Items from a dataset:
>>>

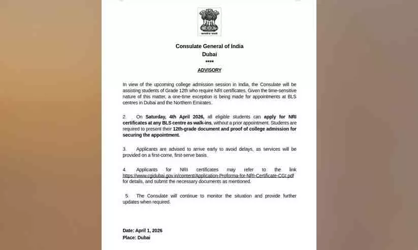 ദുബൈ: യു.എ.ഇയിൽ 12ാം ക്ലാസ് പൂർത്തിയാക്കിയ പ്രവാസി വിദ്യാർഥികൾക്ക് കേരളത്തിൽ കോളജ് പ്രവേശനത്തിനായി എൻ.ആർ.ഐ സർട്ടിഫിക്കറ്റ് ലഭ്യമാക്കാൻ പ്രത്യേക സൗകര്യം ഏർപ്പെടുത്തി ദുബൈ ഇന്ത്യൻ കോൺസുലേറ്റ്. യോഗ്യരായ വിദ്യാർഥികൾക്ക് ഏപ്രിൽ നാലിന് ദുബൈയിലോ വടക്കൻ എമിറേറ്റിലോ ഉള്ള ഏതെങ്കിലും ബി.എൽ.എസ് സെന്ററുകളിൽ മുൻകൂർ അപ്പോയ്മെന്റ് ഇല്ലാതെ തന്നെ എൻ.ആർ.ഐ സർട്ടിഫിക്കറ്റിന് അപേക്ഷ സമർപ്പിക്കാം. അപ്പോയിൻമെന്റ് ലഭിക്കാൻ വിദ്യാർഥികളുടെ 12ാം ക്ലാസ് ഗ്രേഡ് സർട്ടിഫിക്കറ്റ്, കോളജിൽ പ്രവേശനം ലഭിച്ചതിന്റെ രേഖ എന്നിവ ഹാജരാക്കണമെന്ന് കോൺസുലേറ്റ് അറിയിച്ചു. ആദ്യം എത്തുന്നവർക്കായിരിക്കും അപ്പോയ്മെന്റിൽ മുൻഗണന. നീണ്ട ക്യൂ ഒഴിവാക്കാൻ വിദ്യാർഥികൾ നേരത്തെ എത്താൻ ശ്രമിക്കണം. അപേക്ഷ ഫോറം, ആവശ്യമായ രേഖകളുടെ പട്ടിക എന്നിവ കോൺസുലേറ്റിന്റെ ഔദ്യോഗിക വെബ്സൈറ്റായ https://www.cgidubai.gov.in/content/Application-Proforma-for-NRI-Certificate-CGl.pdfൽ നിന്ന് ഡൗൺലോഡ് ചെയ്യാം.
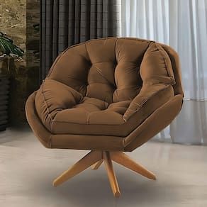 A versatilidade dessa poltrona é destacada pela base giratória, proporcionando mobilidade e praticidade ao ambiente. Seus detalhes cuidadosamente pensados, como costuras decorativas e a harmonia entre o veludo e a madeira, conferem um visual contemporâneo e acolhedor.
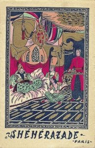 Роскошь интерьеров «Шехерезады» проявлялась даже в незначительных деталях. Владельцы не экономили на мелочах, понимая, что они, наряду с кухней, обстановкой и музыкальной программой, тоже определяют класс ночного клуба. Гости могли взять на память изящные визитные карточки, красивые открытки (которые регулярно обновлялись), а в те дни, когда отмечалась годовщина «Шехерезады», клиентам вручали в подарок памятные буклеты, отпечатанные на дорогой плотной бумаге. Из этих маленьких книжечек можно было узнать историю кабаре, посмотреть фото артистов и именитых завсегдатаев. Недавно мою коллекцию пополнил чудом переживший бурные десятилетия ХХ века необычный предмет. Это – бумажный веер на деревянной ручке. Думаю, что сей артефакт относится к довоенному периоду, когда кондиционеров в помещениях еще не существовало, а гостям вдобавок не воспрещалось курить. Под рисунком можно прочитать название и адрес кабаре: «Sheherazade. Rue De Liege, 3». Если приглядеться, в углу видна подпись художника: H. Galitzine.
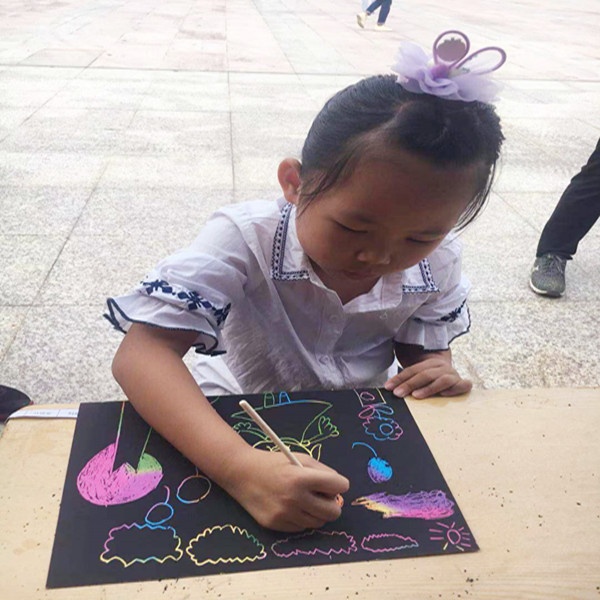 石岐第一城小學此次設置了“環(huán)保設計師”和“制作葉脈書簽”兩項活動?;顒舆€沒正式開始,石岐第一城小學展位前早已站滿了人群,大家都迫不及待想要大展身手?!碍h(huán)保設計師”一共有三個主題:1、為科技成果展設置一個環(huán)保圖標;2、描繪你理想中的綠色家園;3、設計一個環(huán)保機器人;孩子們可以任選一個主題進行創(chuàng)作。展位前,孩子們手中的筆在紙上舞動,很快一張張想象豐富、構圖精美、色彩繽紛的畫便呈現(xiàn)在人們眼前?!爸谱魅~脈書簽”考驗的是孩子們的耐力和動手能力,將煮好處理過的桂葉,用細毛牙刷輕輕敲,或輕輕刷,使得葉肉和葉脈逐步分離,這時候使用的力度顯得格外重要,力氣小了,沒效果,力度大了,會將葉脈脈絡一起破壞了。實驗桌前,孩子們細心地刷著盆中的葉脈,十五分鐘、甚至半個小時過去了,孩子們仍堅持不懈,認真地刷著手中的葉子。
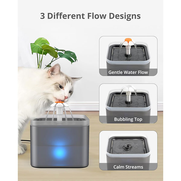 - 3 Drinking Modes: Removable water outlet is designed to offer 3 different water flow settings (gentle flow, bubbling top or calm stream) for pets to choose from, keep they have strong interest in fresh flowing water to drink more.
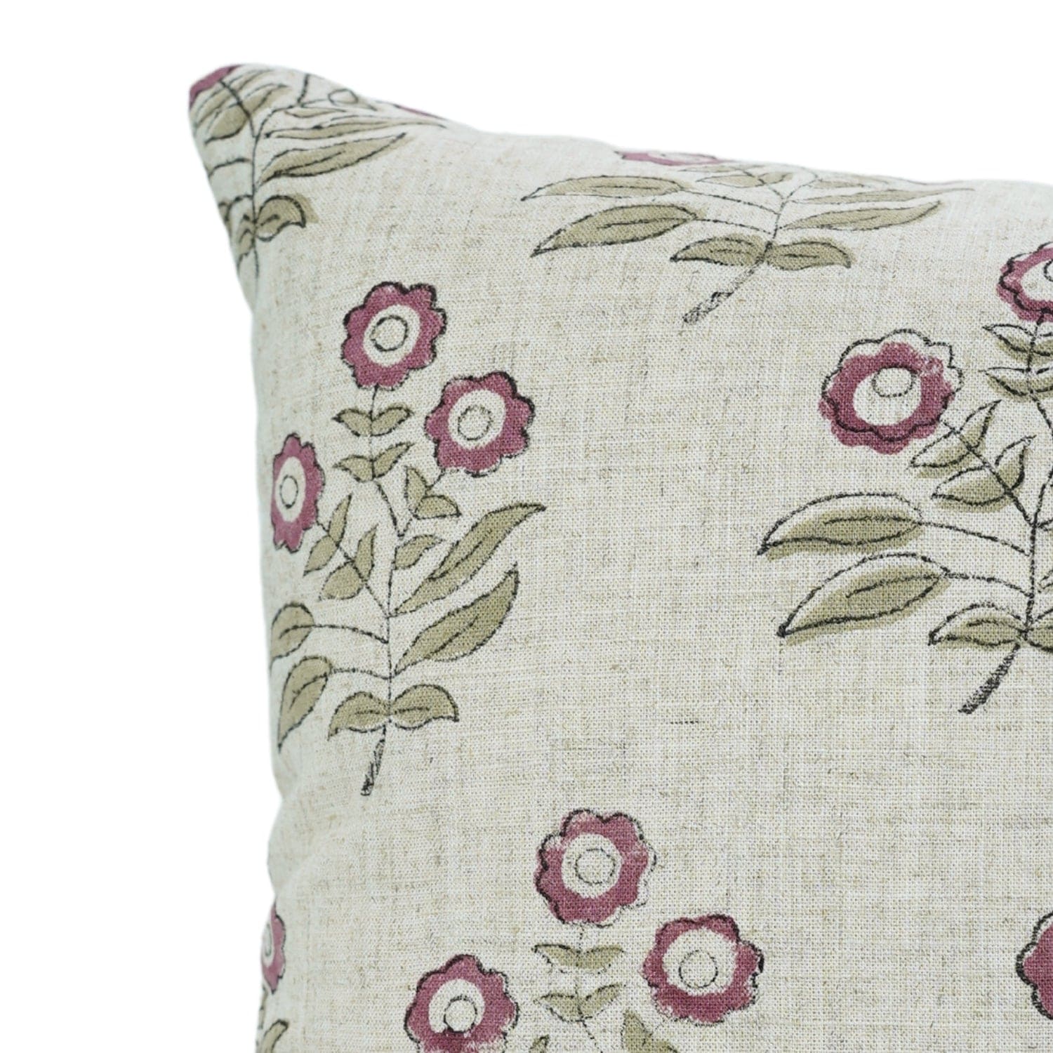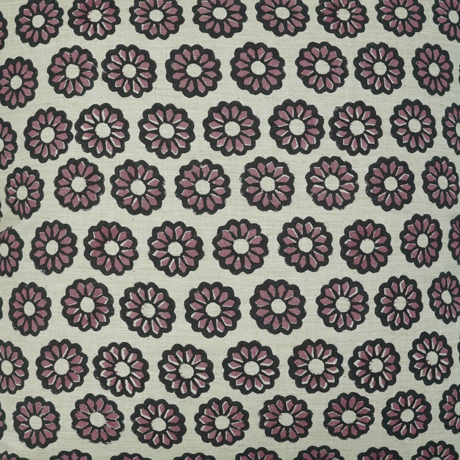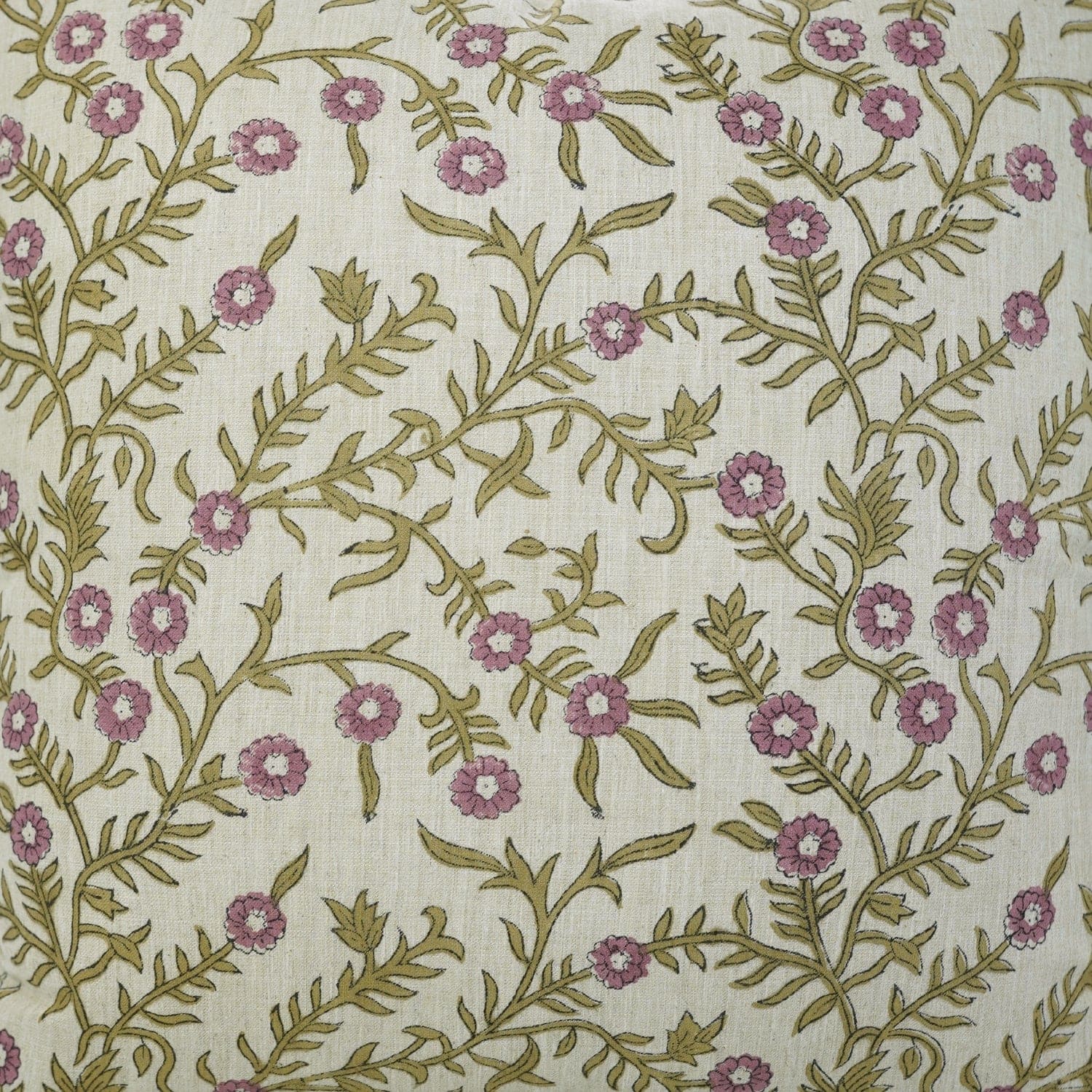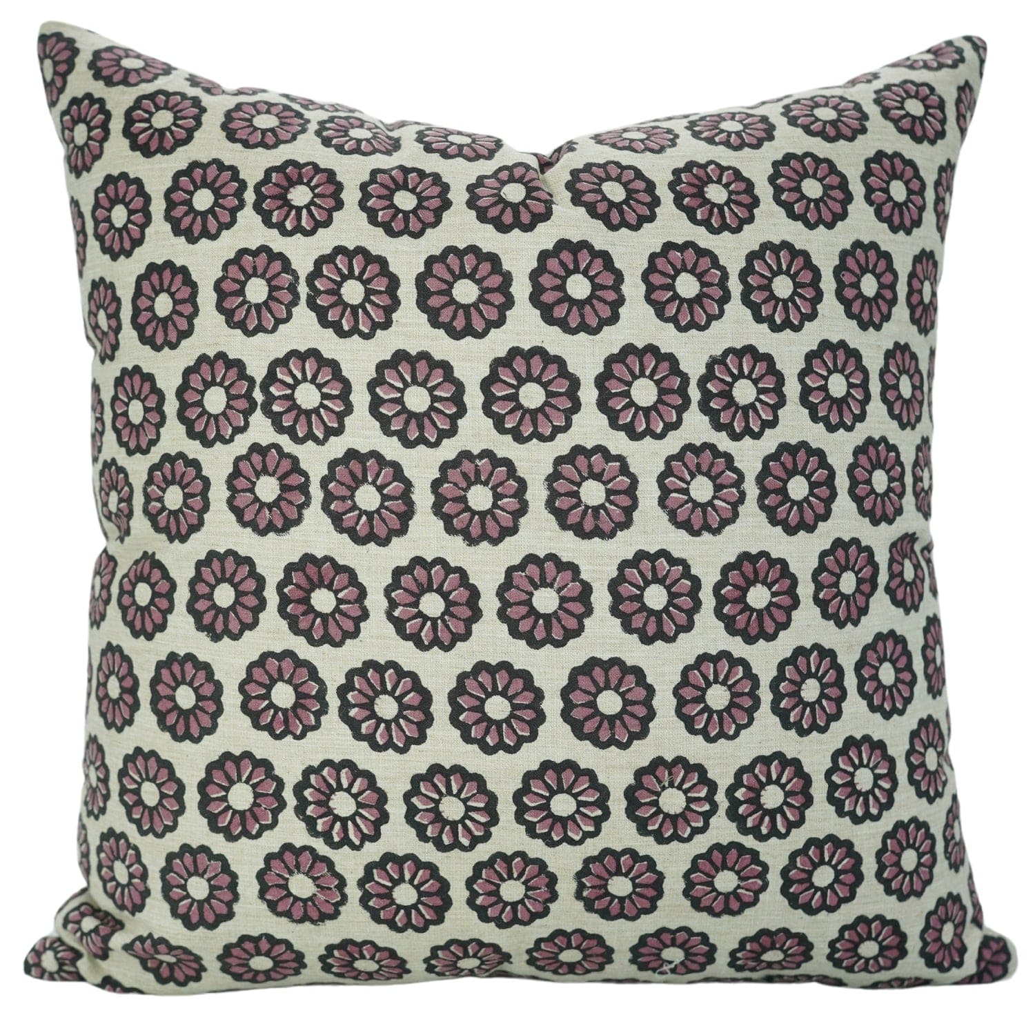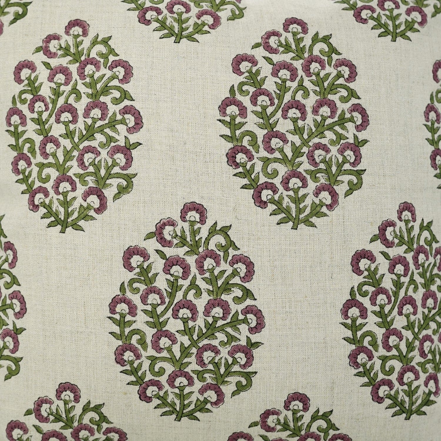 Handblock Printed Throw Cushion Case – Pink, Brown & Gray Linen Blend
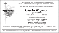 'Das Schönste, was ein Mensch hinterlassen kann, ist ein Lächeln im Gesicht derjenigen, die an ihn denken.' In Liebe und Dankbarkeit nehmen wir Abschied von Gisela Woywod geborene Matz * 31. 8. 1947 + 1. 12. 2025 In liebevoller Erinnerung: Deine Tochter Franca mit Bernt Deine Enkel Leyla mit Elvin, Alan mit Jessica und Marlon im Namen aller Angehörigen Trauerfeier mit anschließender Beerdigung am Donnerstag, den 11. Dezember 2025, um 13.00 Uhr im Hauptfriedhof Landshut. Für bereits erwiesene und noch zugedachte Anteilnahme bedanken wir uns herzlich.
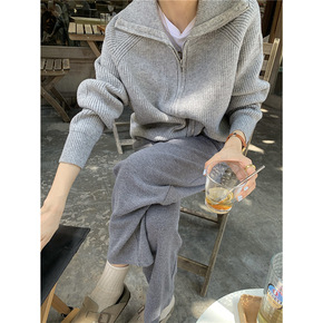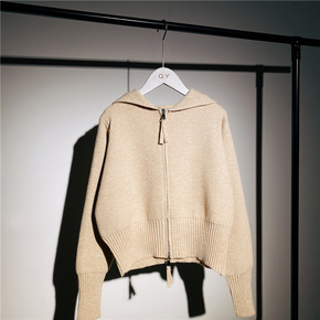 小个子设计感双开头拉链连帽毛衣开衫女秋装新款短款针...
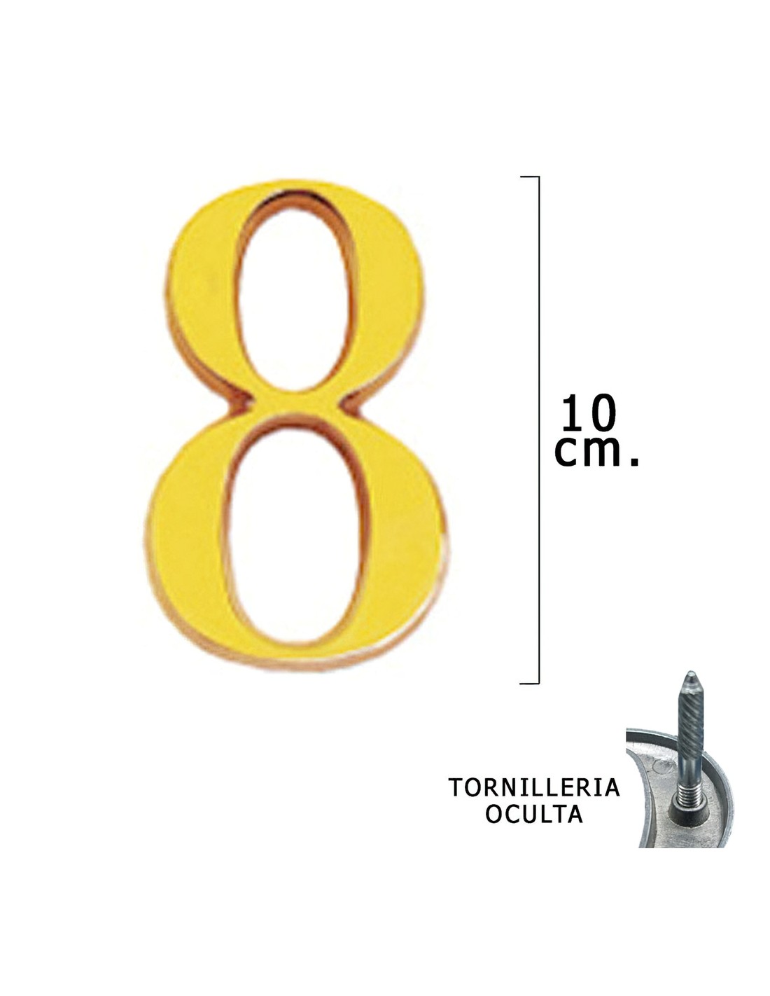 Numero Latón "8" 10 cm. con Tornilleria Oculta (Blister 1 Pieza)
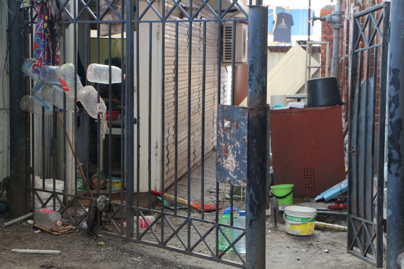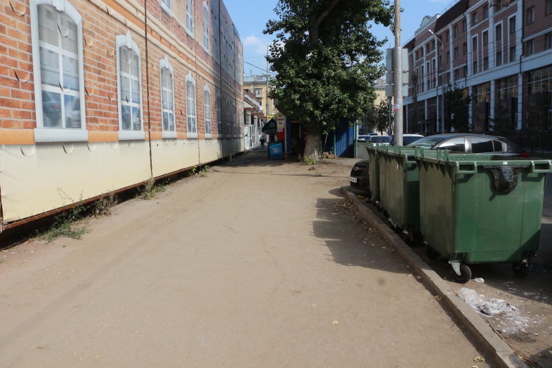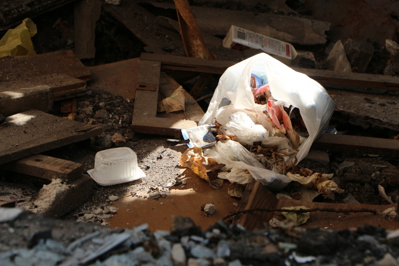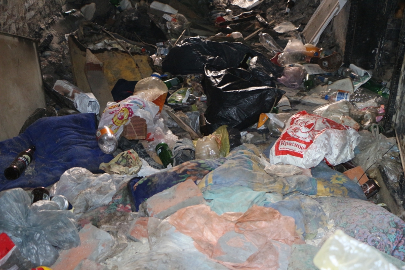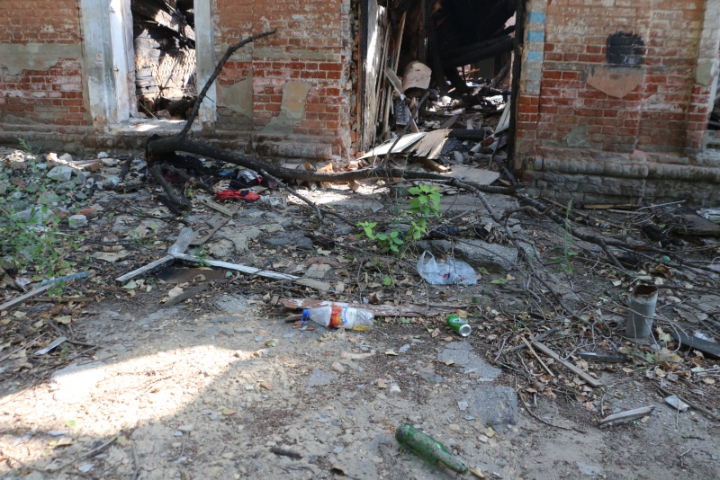 Взрослые обитатели соседних домов и, предположительно, работники рынка «Привокзальный» облюбовали руины в качестве свалки и выбрасывают туда мусор. В нескольких местах скопились приличные запасы отходов. Такое поведение не может не удивлять, так как на улице в 10 метрах от входа во дворы стоят четыре мусорных контейнера.

<<<

Your assignment: Give back the records exactly, minus any pictures.

Response area:
 ദുബൈ: യു.എ.ഇയിൽ 12ാം ക്ലാസ് പൂർത്തിയാക്കിയ പ്രവാസി വിദ്യാർഥികൾക്ക് കേരളത്തിൽ കോളജ് പ്രവേശനത്തിനായി എൻ.ആർ.ഐ സർട്ടിഫിക്കറ്റ് ലഭ്യമാക്കാൻ പ്രത്യേക സൗകര്യം ഏർപ്പെടുത്തി ദുബൈ ഇന്ത്യൻ കോൺസുലേറ്റ്. യോഗ്യരായ വിദ്യാർഥികൾക്ക് ഏപ്രിൽ നാലിന് ദുബൈയിലോ വടക്കൻ എമിറേറ്റിലോ ഉള്ള ഏതെങ്കിലും ബി.എൽ.എസ് സെന്ററുകളിൽ മുൻകൂർ അപ്പോയ്മെന്റ് ഇല്ലാതെ തന്നെ എൻ.ആർ.ഐ സർട്ടിഫിക്കറ്റിന് അപേക്ഷ സമർപ്പിക്കാം. അപ്പോയിൻമെന്റ് ലഭിക്കാൻ വിദ്യാർഥികളുടെ 12ാം ക്ലാസ് ഗ്രേഡ് സർട്ടിഫിക്കറ്റ്, കോളജിൽ പ്രവേശനം ലഭിച്ചതിന്റെ രേഖ എന്നിവ ഹാജരാക്കണമെന്ന് കോൺസുലേറ്റ് അറിയിച്ചു. ആദ്യം എത്തുന്നവർക്കായിരിക്കും അപ്പോയ്മെന്റിൽ മുൻഗണന. നീണ്ട ക്യൂ ഒഴിവാക്കാൻ വിദ്യാർഥികൾ നേരത്തെ എത്താൻ ശ്രമിക്കണം. അപേക്ഷ ഫോറം, ആവശ്യമായ രേഖകളുടെ പട്ടിക എന്നിവ കോൺസുലേറ്റിന്റെ ഔദ്യോഗിക വെബ്സൈറ്റായ https://www.cgidubai.gov.in/content/Application-Proforma-for-NRI-Certificate-CGl.pdfൽ നിന്ന് ഡൗൺലോഡ് ചെയ്യാം.
 A versatilidade dessa poltrona é destacada pela base giratória, proporcionando mobilidade e praticidade ao ambiente. Seus detalhes cuidadosamente pensados, como costuras decorativas e a harmonia entre o veludo e a madeira, conferem um visual contemporâneo e acolhedor.
 Роскошь интерьеров «Шехерезады» проявлялась даже в незначительных деталях. Владельцы не экономили на мелочах, понимая, что они, наряду с кухней, обстановкой и музыкальной программой, тоже определяют класс ночного клуба. Гости могли взять на память изящные визитные карточки, красивые открытки (которые регулярно обновлялись), а в те дни, когда отмечалась годовщина «Шехерезады», клиентам вручали в подарок памятные буклеты, отпечатанные на дорогой плотной бумаге. Из этих маленьких книжечек можно было узнать историю кабаре, посмотреть фото артистов и именитых завсегдатаев. Недавно мою коллекцию пополнил чудом переживший бурные десятилетия ХХ века необычный предмет. Это – бумажный веер на деревянной ручке. Думаю, что сей артефакт относится к довоенному периоду, когда кондиционеров в помещениях еще не существовало, а гостям вдобавок не воспрещалось курить. Под рисунком можно прочитать название и адрес кабаре: «Sheherazade. Rue De Liege, 3». Если приглядеться, в углу видна подпись художника: H. Galitzine.
 石岐第一城小學此次設置了“環(huán)保設計師”和“制作葉脈書簽”兩項活動?;顒舆€沒正式開始,石岐第一城小學展位前早已站滿了人群,大家都迫不及待想要大展身手?!碍h(huán)保設計師”一共有三個主題:1、為科技成果展設置一個環(huán)保圖標;2、描繪你理想中的綠色家園;3、設計一個環(huán)保機器人;孩子們可以任選一個主題進行創(chuàng)作。展位前,孩子們手中的筆在紙上舞動,很快一張張想象豐富、構圖精美、色彩繽紛的畫便呈現(xiàn)在人們眼前?!爸谱魅~脈書簽”考驗的是孩子們的耐力和動手能力,將煮好處理過的桂葉,用細毛牙刷輕輕敲,或輕輕刷,使得葉肉和葉脈逐步分離,這時候使用的力度顯得格外重要,力氣小了,沒效果,力度大了,會將葉脈脈絡一起破壞了。實驗桌前,孩子們細心地刷著盆中的葉脈,十五分鐘、甚至半個小時過去了,孩子們仍堅持不懈,認真地刷著手中的葉子。
 - 3 Drinking Modes: Removable water outlet is designed to offer 3 different water flow settings (gentle flow, bubbling top or calm stream) for pets to choose from, keep they have strong interest in fresh flowing water to drink more.
 Handblock Printed Throw Cushion Case – Pink, Brown & Gray Linen Blend
 'Das Schönste, was ein Mensch hinterlassen kann, ist ein Lächeln im Gesicht derjenigen, die an ihn denken.' In Liebe und Dankbarkeit nehmen wir Abschied von Gisela Woywod geborene Matz * 31. 8. 1947 + 1. 12. 2025 In liebevoller Erinnerung: Deine Tochter Franca mit Bernt Deine Enkel Leyla mit Elvin, Alan mit Jessica und Marlon im Namen aller Angehörigen Trauerfeier mit anschließender Beerdigung am Donnerstag, den 11. Dezember 2025, um 13.00 Uhr im Hauptfriedhof Landshut. Für bereits erwiesene und noch zugedachte Anteilnahme bedanken wir uns herzlich.
 小个子设计感双开头拉链连帽毛衣开衫女秋装新款短款针...
 Numero Latón "8" 10 cm. con Tornilleria Oculta (Blister 1 Pieza)
 Взрослые обитатели соседних домов и, предположительно, работники рынка «Привокзальный» облюбовали руины в качестве свалки и выбрасывают туда мусор. В нескольких местах скопились приличные запасы отходов. Такое поведение не может не удивлять, так как на улице в 10 метрах от входа во дворы стоят четыре мусорных контейнера.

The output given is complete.